BAGUIO CITY – The City Engineering Office reported that one hundred sixty-seven infrastructure projects in the different parts of the city suffered over P485.3 million worth of damages due monsoon rains last August and Typhoon Ompong last September.
City Engineer Edgar Victorio Olpindo claimed the required programs of work and cost estimates for the repair of the partially and totally damaged public infrastructure projects in the city were submitted by their office to the concerned departments of the local government for the possible funding of programmed repair and restoration of the projects.
The City Engineering Office is in charge of implementing and monitoring the city’s horizontal infrastructure projects such as roads, bridges and the compliance of the same to prescribed standards of roads in urban areas.
“We assure our residents and visitors we are trying our best to make sure our major city and barangay roads are free from obstructions, especially after the weather disturbances that affected the smooth flow of pedestrian and vehicular traffic,” Olpindo stressed.
The city engineer reported one of the activities they did while the weather condition was good was the overlaying of asphalt on damaged roads.
He assured the public that he various divisions in his office remain steadfast in ensuring that the problems of city and barangay road surfaces will be given immediate attention to prevent the same from being the cause of untoward incidents.

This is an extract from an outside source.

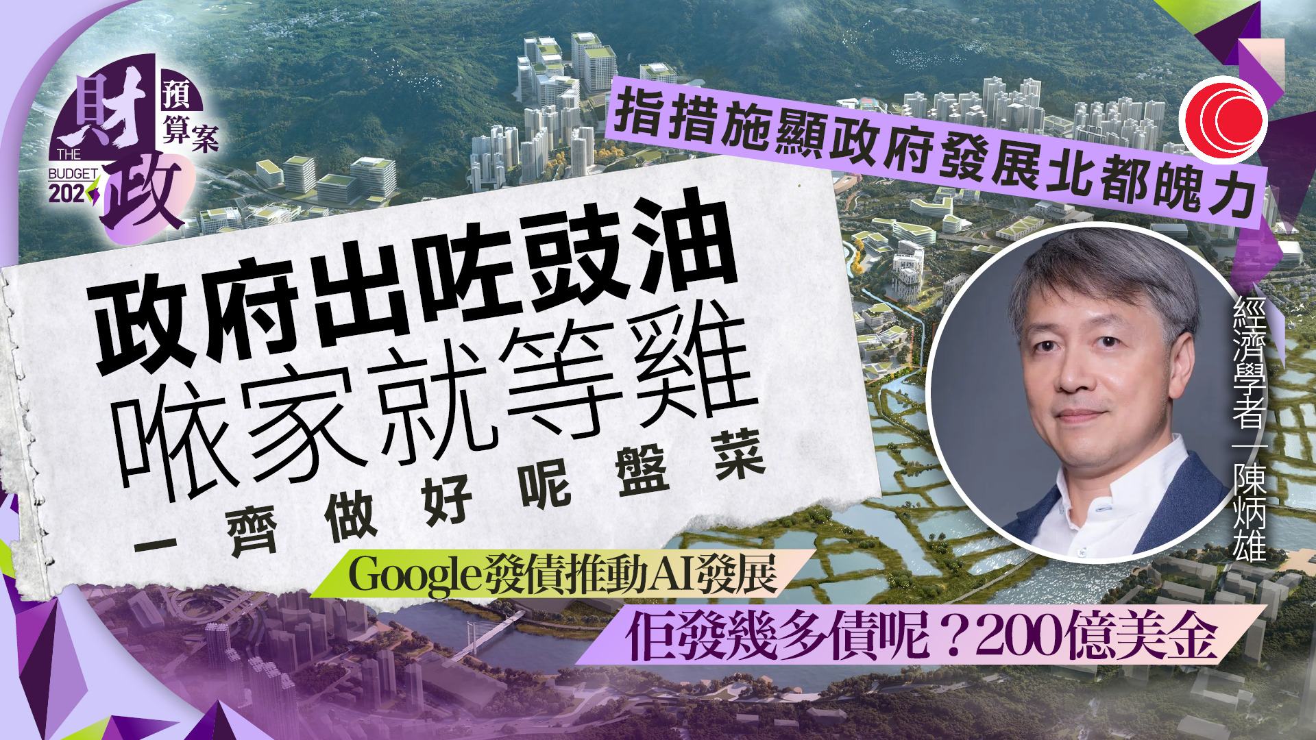 【有線新聞】財政預算案從外匯基金轉撥1,500億到工程儲備,亦向北都三間園區公司注資100億元,有經濟學者認為措施顯示了政府銳意發展的魄力,北都諮委會成員劉國勳說園區公司要訂立績效指標,確保公帑運用得宜。\n預算案向北都三間園區公司各注資100億元,有經濟學者在本台節目《政經Chat》指,今次政府投入對比私人市場募資力度已相對少。港大經管學院創新與創業研究中心副總監陳炳雄:「政府出了『豉油』,現在就等『雞』一起做好這盤菜。美國Google發債推動AI發展發多少債呢?200億美金,如果我們看這個數字,對比香港政府的100億元,這100億元我一直說是牽頭模式。但當政府顯示這個魄力時,自然其他機構就會想一起合作,一起把整件事做好。」\n北都諮詢委員會委員劉國勳認為政府應確保資金用得其所:「其實三間公司的資產不止100億這麼少,因為將來可以用地跟企業批地合作,或以地換股。我拿了這100億,目標要吸引多少間公司落地園區,創造多少就業機會,未來要創造多少收益等等,起碼當(園區公司)董事局到位時,都要訂好這些績效指標。」\n政府最新修訂預算今個財政年度有29億盈餘,終結赤字,40年多來首次從外匯基金,轉撥1,500億到基本工程儲備基金,陳炳雄及劉國勳都認為政府是想捉緊發展時機。陳炳雄:「上次動用是1984年時,1984年是甚麼時候呢,我們在討論主權交接。現在今年我們見到,國家領導人在說是百年大變,如果我們要經歷百年大變時我們就要這個糧草、資金,推動整件事發展。」劉國勳:「現在香港轉型階段,我們似乎要更主動、更主導,去將錢放在香港推動經濟轉型及發展方面,始終說實話,錢放著也是要用的,關鍵是看是不是用得其所。」\n北都大學城短期內會推出三幅用地,政府提供貸款予資助大學興建校舍,劉國勳建議可以批准一間院校同時投得,否則地皮規模太小會影響發展效益。」

Previously, the City Engineering Office had jurisdiction over horizontal and vertical infrastructure in the city but the office was eventually divided where the supervision of horizontal projects remained with the City Engineering Office while the supervision and monitoring of vertical projects went to the City Buildings and Architecture Office (CBAO).
Olpindo said one of the major functions of their office is the declogging of the city’s drainage systems to ensure accumulated debris will be immediately removed avoid flooding that may be triggered by clogged drainage.
The city department head urged various establishments within the central business district area and the different barangays to refrain from directly connecting their sewer lines to the drainage systems constructed by the local government to avoid the unnecessary clogging of the systems as these serve as a link of water from canals to major river systems and these said systems drain the water flowing to the same.
He urged residents who have knowledge of illegal sewer line connections to the city’s main drainage systems to immediately report the matter to the concerned offices of the local government for proper action to be taken.